I've talked about it here before, but when you have something you look forward to and plan for months, and then it's over, there's the post-event letdown.
And that's where I am right now.
We had our quarterly department meeting, followed by our semi-annual manager meeting this week. I left for Chattanooga on Sunday, arrived home yesterday. It was a lot. It was glorious, but it was a lot.
A lot of eating, a lot of talking, a lot of listening. A lot of walking, a lot of hugs, a lot of love.
And now it's over. There will be another meeting next quarter, and our second manager meeting of 2024 later in the year.
So, understandably, I'm feeling a little melancholy.
Good boys! |
You know, as one does. I know these blues are of the short-term variety, and that I'm going to be basically OK in no time. But I have a bunch of driving to do on Saturday (and again Tuesday AM), so that is bearing down on me like a ton of bricks.
Basically, I'm headed to Atlanta to take Mom to go to her pulmonologist appointment. We'll make some cookies to send my sister for her birthday, and I have been give some requests from my sister to handle a few administrative tasks. Which is fine, but means I won't have an actual weekend like the sort that would be useful to prepare my home for another week. You know - laundry, housework, groceries.
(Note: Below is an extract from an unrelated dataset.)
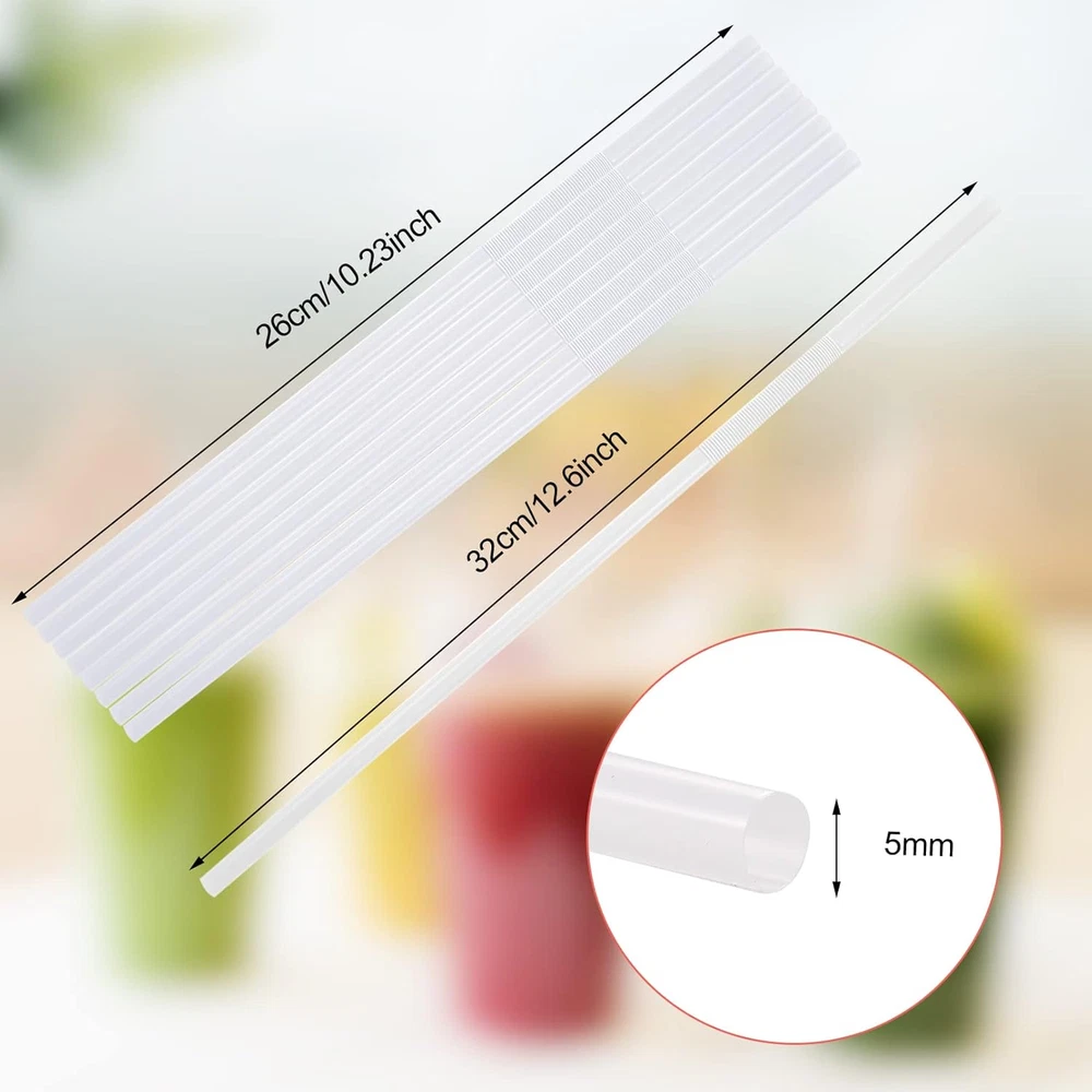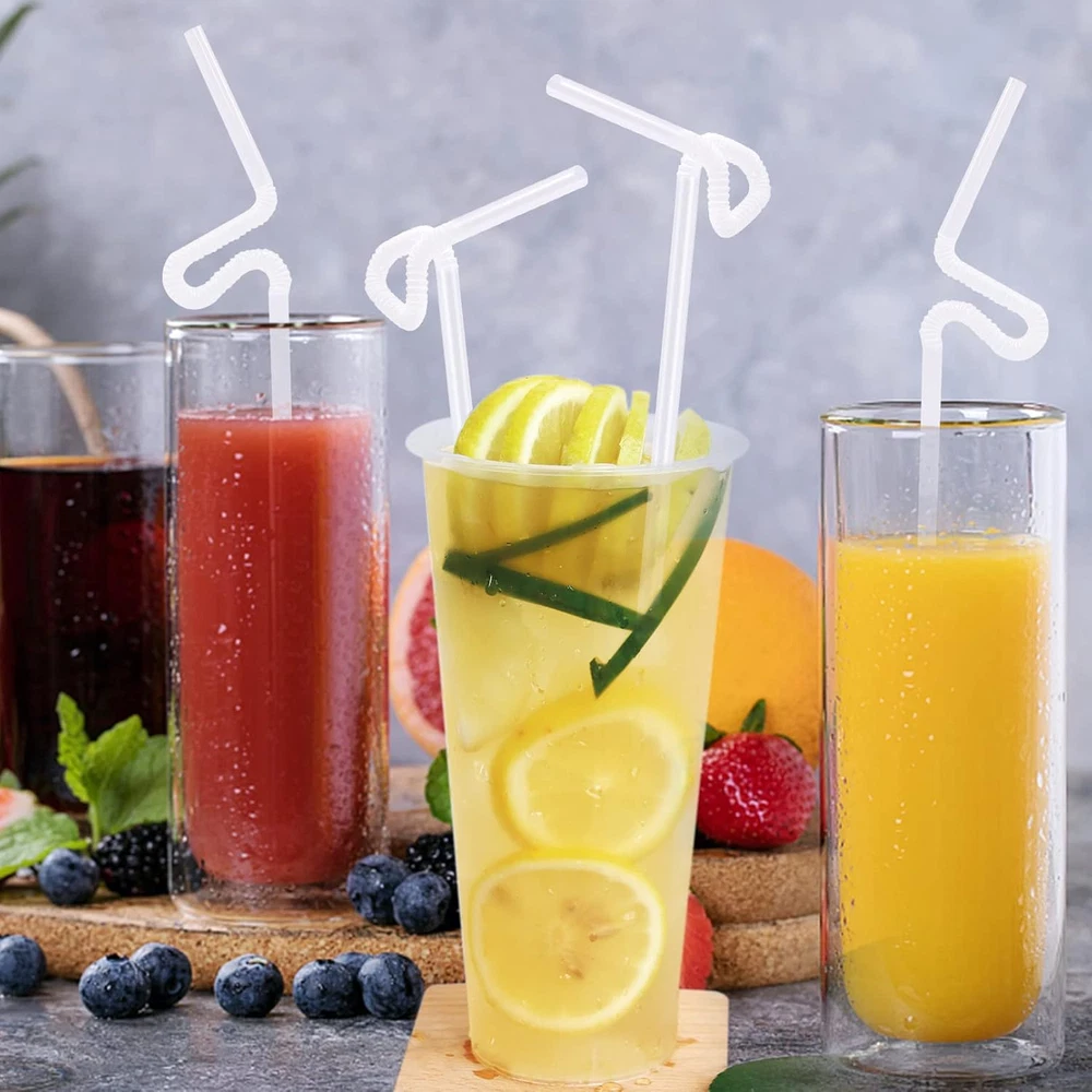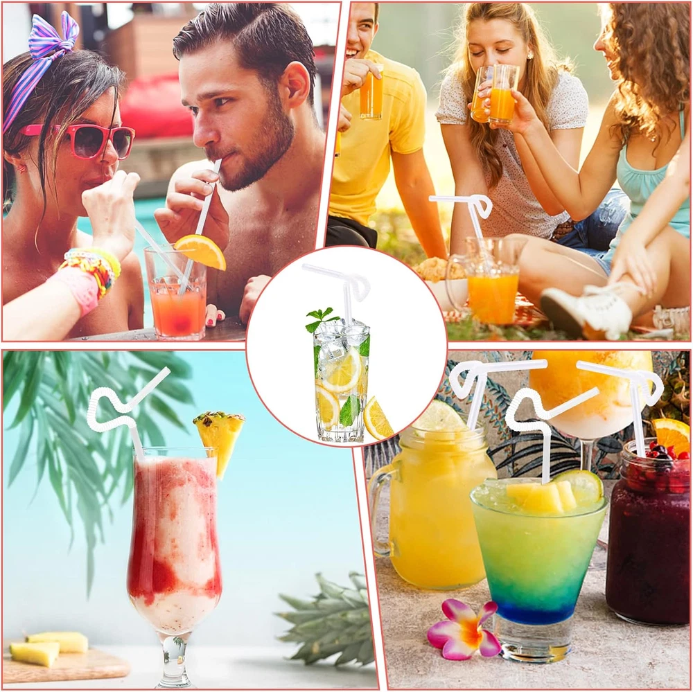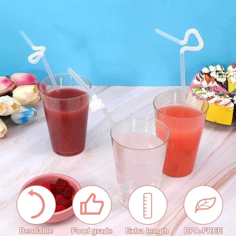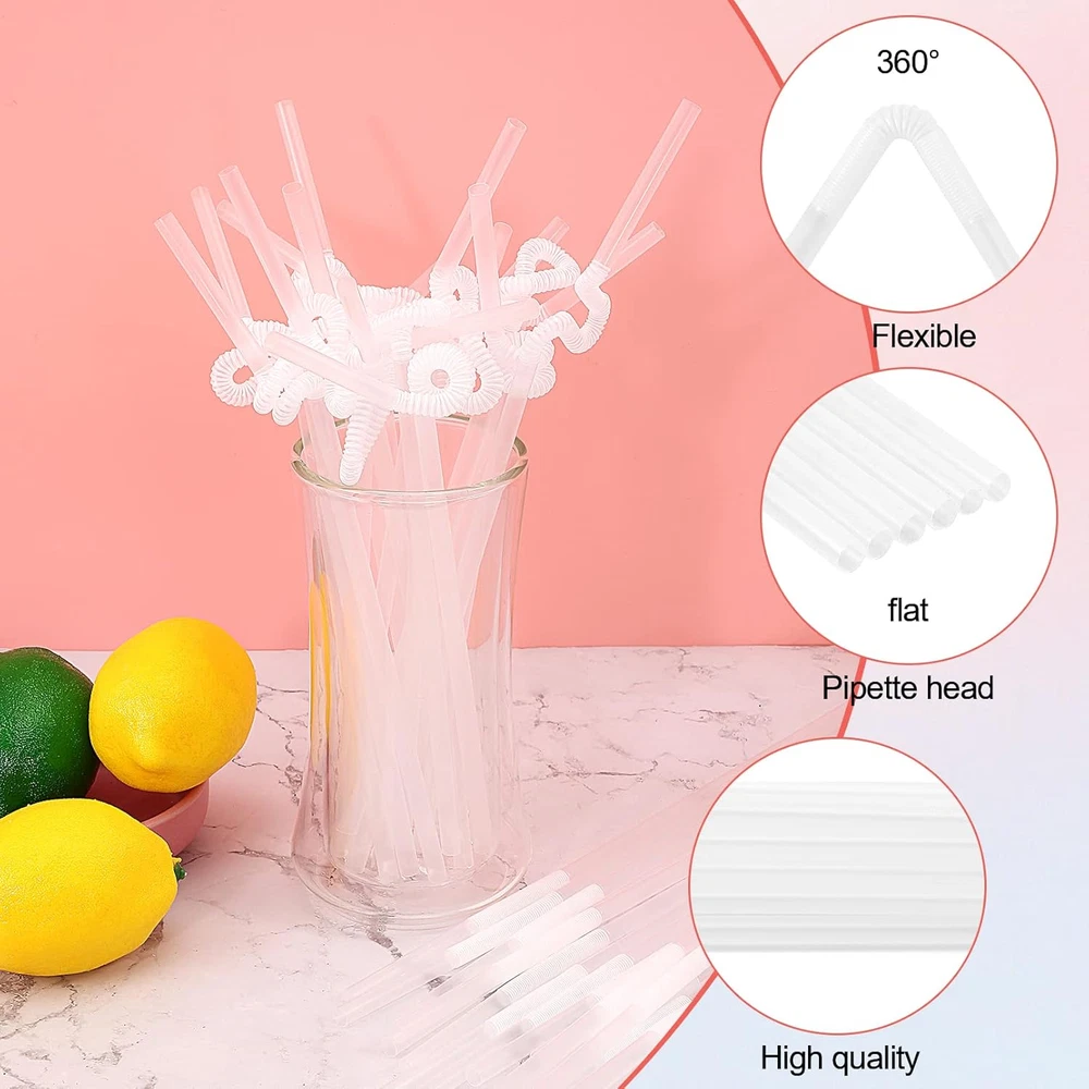 Value Pack: You will receive 500pcs white straws, the length is 26cm (10.2 inches), can be stretched to 32cm (12.6 inches), and approximately 0.23 inch in diameter. Sufficient quantity can meet your cold drink needs or party use. High Quality: Our long straws are made of food-grade plastic material, soft, smooth and BPA-free. Bendable straws are finely crafted with flat ends, no sharp corners and durable. Flexible Bending: The drinking straws have a flexible folding area at the top that can be easily bent to the angle you want. It can also be bent into various interesting shapes at will, adding fun to birthday parties, family gatherings and daily drinking. Medium Length: This disposable plastic straws are good length to fit different heights of cups or can be cut short to the size you want for smaller cups or kids cups. It can also be used for crafts to make all kinds of funny and cute shapes. Wide Application: These flexible straws can be used for a variety of drinks, such as iced drinks, juice, soda, milk, cola, etc. It can also be used in cold drink stores, coffee shops, bars, cafes and other places. Product Description The drinking straws are medium length and can be stretched to 26 cm (10.2 inches). Suitable for iced drinks, juices, sodas, milk, colas or other beverages. This disposable plastic straws can be bent freely, easily bent to your desired angle or in a variety of interesting shapes, adding fun to birthday parties, family gatherings and daily drinking.

I want to carve out something for just myself - to reward for the work I have done and will do. But I don't know what that's going to be. I kind of wish I had the time and money to get a full spa day - but maybe this fall. For now, I need something more like a new lipstick or some costume jewelry. So, there is that. If you have suggestions, bring them to me. I'm up for something fun.
The robins have not returned to their nest for a second brood, but the makings of a new nest have appeared at the other end of the deck. I am trying to be subtle in my investigations. But I am not a subtle person.
And that's about it, really. Just work, good times, trying times, and keep trying. That's the formula for now.